**Task directions**
Only the number is requested. Tally the lines of the data that hold the string "Figure".

**Items listed in a dataset**
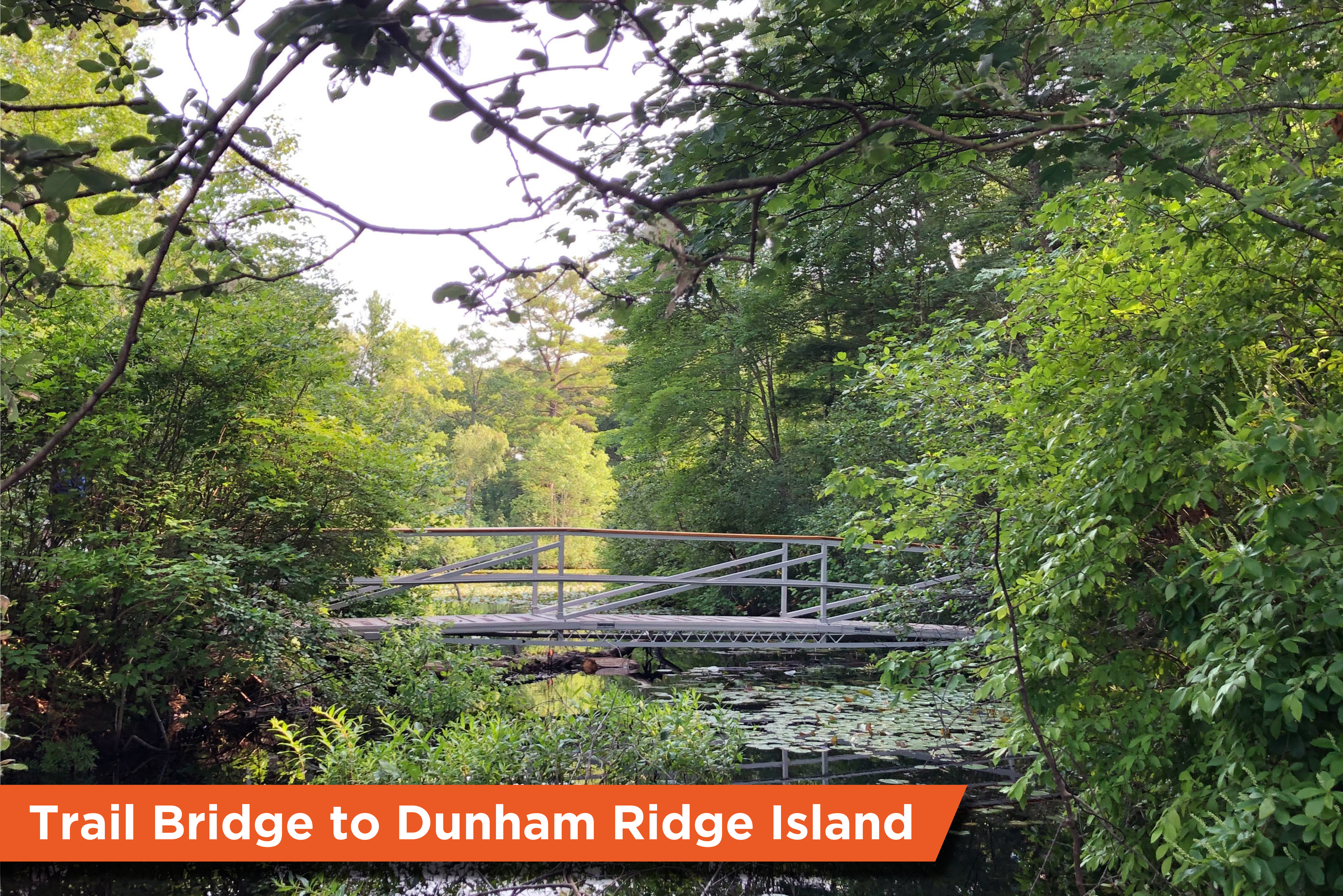
Trail Bridge to Dunham Ridge Island
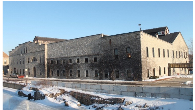
Eagle Paper & Flouing Mill, Kaukauna
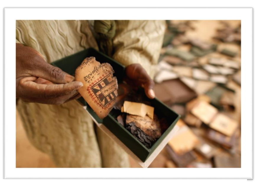
A burned artifact from the destruction at Timbuktu

Given the deep differences between the current House and Senate SFOPS bills, the possible lack of a fix for shortfalls originating in FY'13, and the potential for a CR based on the previous year's peacekeeping needs, there is a real possibility that
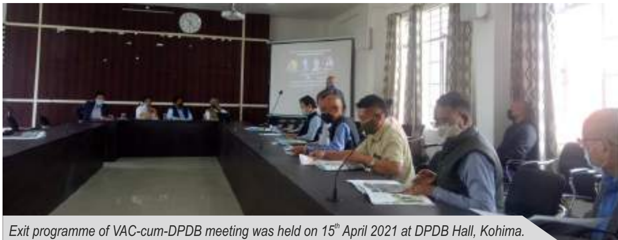
Exit programme of VAC-cum-DPDB meeting was held on 15 th April 2021 at DPDB Hall, Kohima.
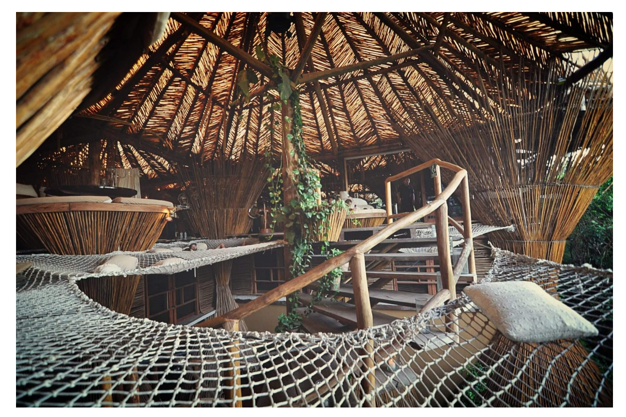
This is Kin Toh. You'll want to spend a lot of time here.
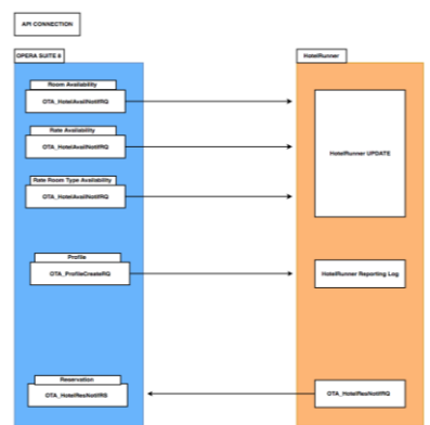
Figure 1. Used API services diagram

HotelRunner Inc. 2035 Sunset Lake Road, Suite B-2 19702 Newark, New Castle, DE United States
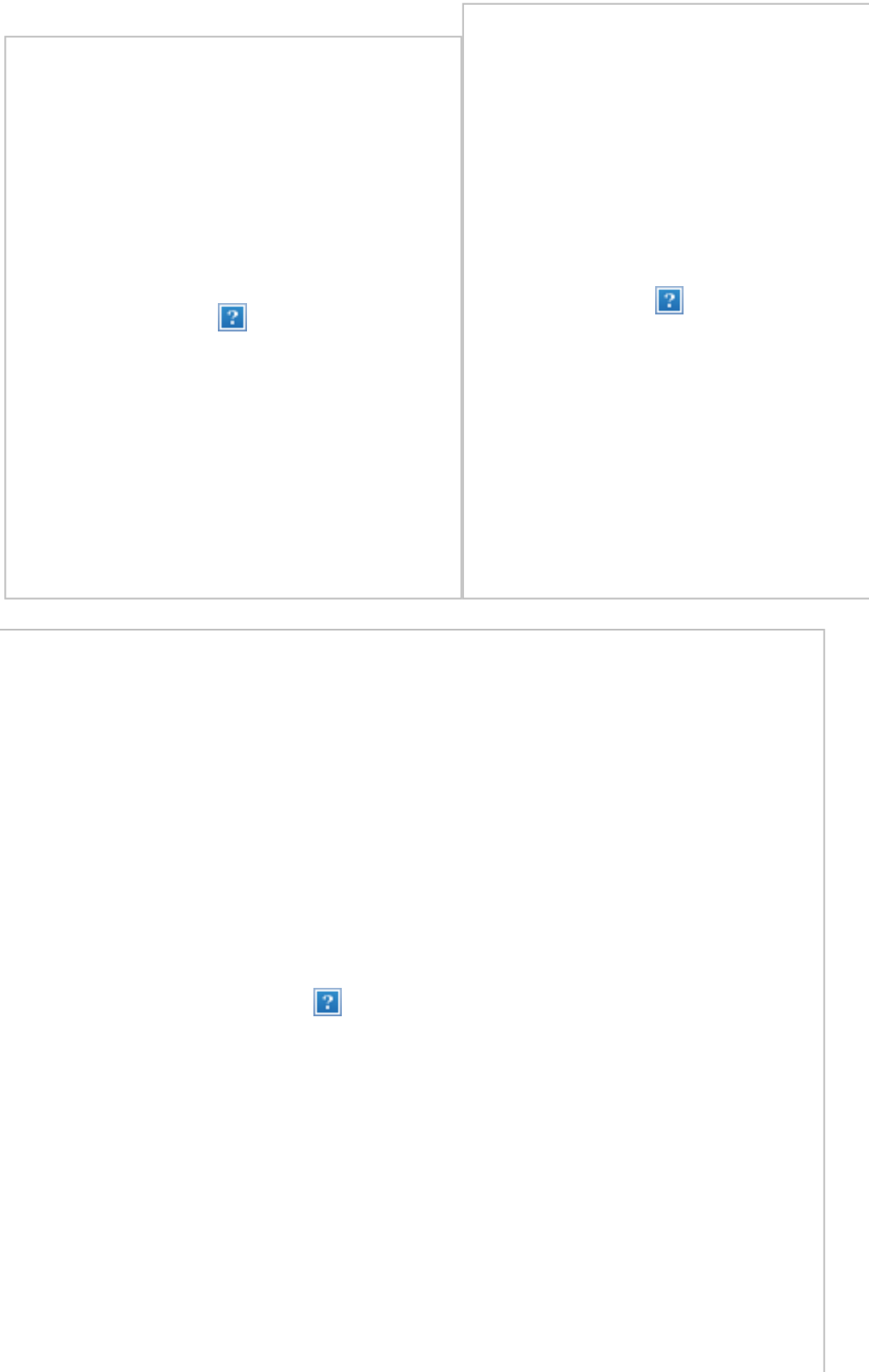
Figure 1: Example from the fake file directory deception.

examines the states resulting from a set of simulation runs of the planner and suggests implications.
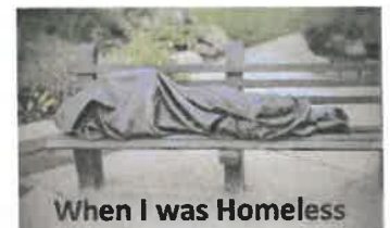
When I was Homeless
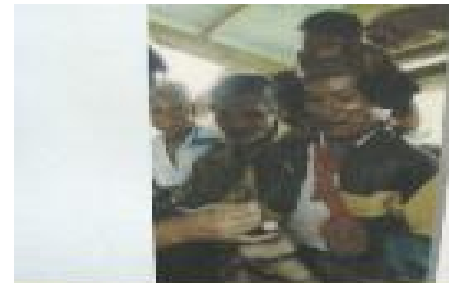
Conflict Management Process in CADC Areas
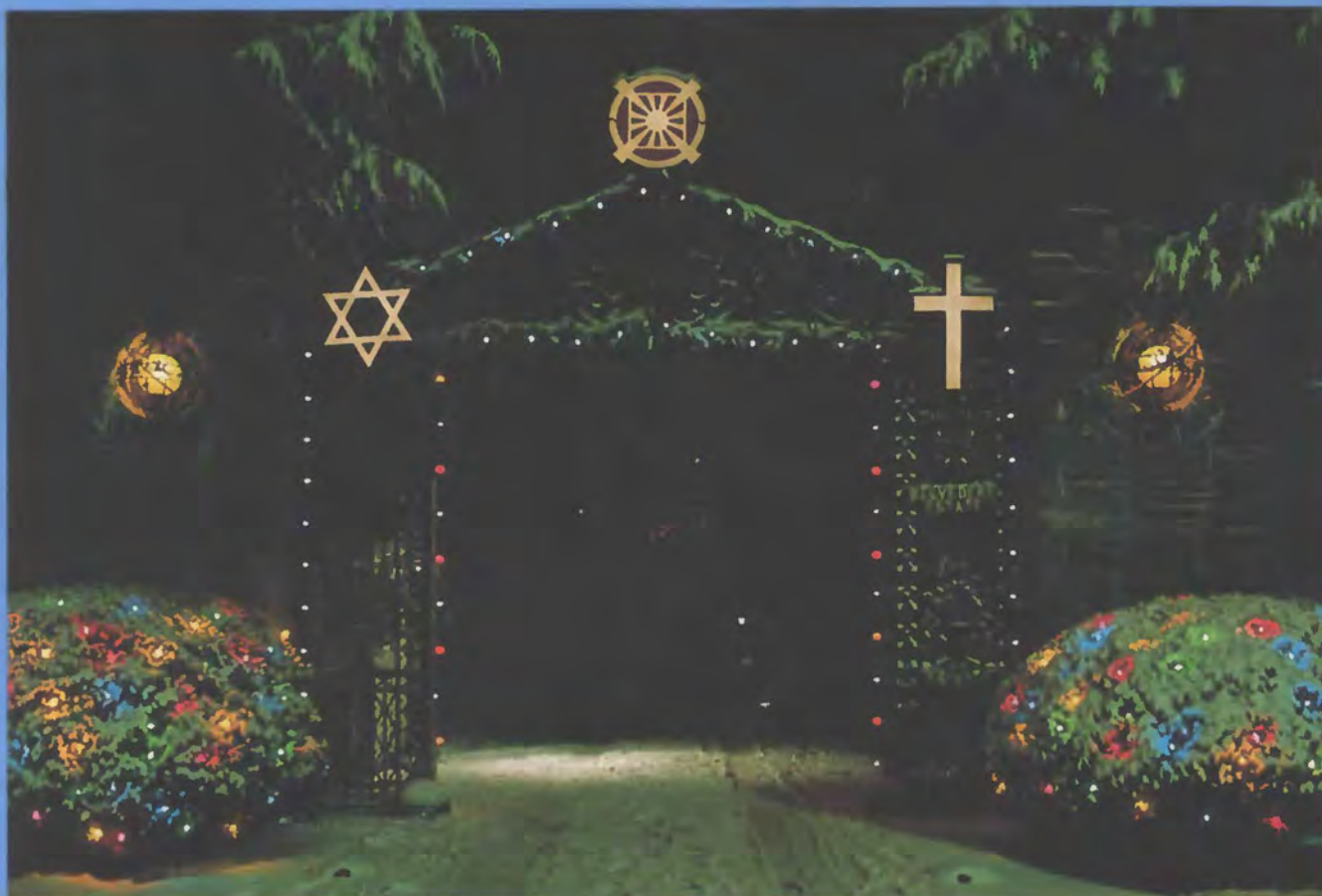
Holiday decorations at the front gate.
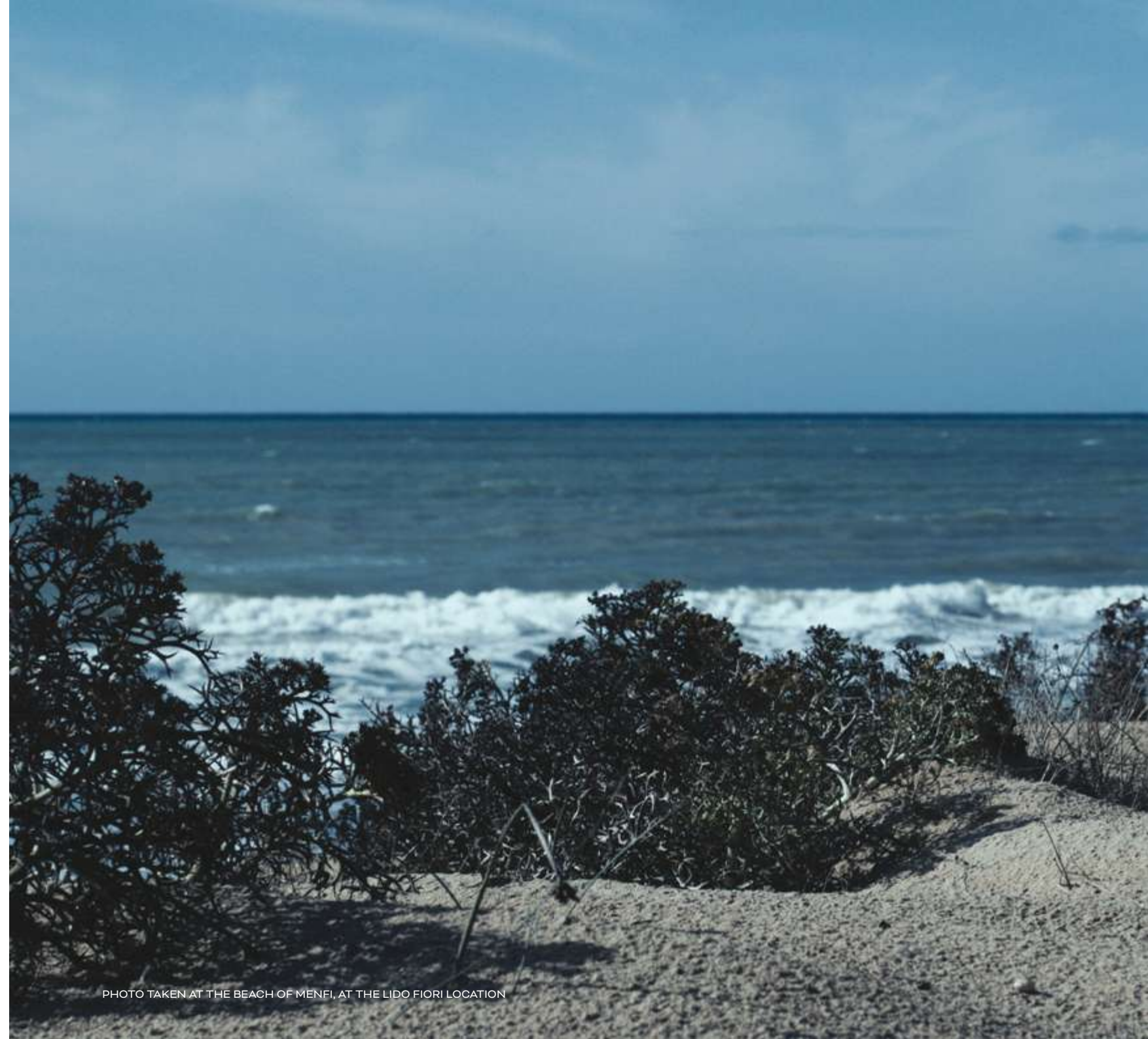
PHOTO TAKEN AT THE BEACH OF MENFI, AT THE LIDO FIORI LOCATION

FROM THE UNCONTAMINATED LANDS OF SOUTH-WESTERN SICILY, TO THE BLACK SANDS OF THE TALLEST VOLCANO IN EUROPE, REACHING THE ROCKY COASTS OF AN ISLAND CONSTANTLY CARESSED BY THE WIND, MANDRAROSSA'S SICILY IS NOW REPRESENTED BY THREE TERRITORIES STRONGLY SUITABLE FOR VITICULTURE: MENFI, ETNA AND PANTELLERIA.
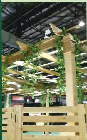
Western red cedar pergola and screens at the Gold Lounge
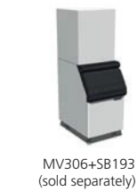
MV306+SB193 (sold separately)

**Exercise answer**
2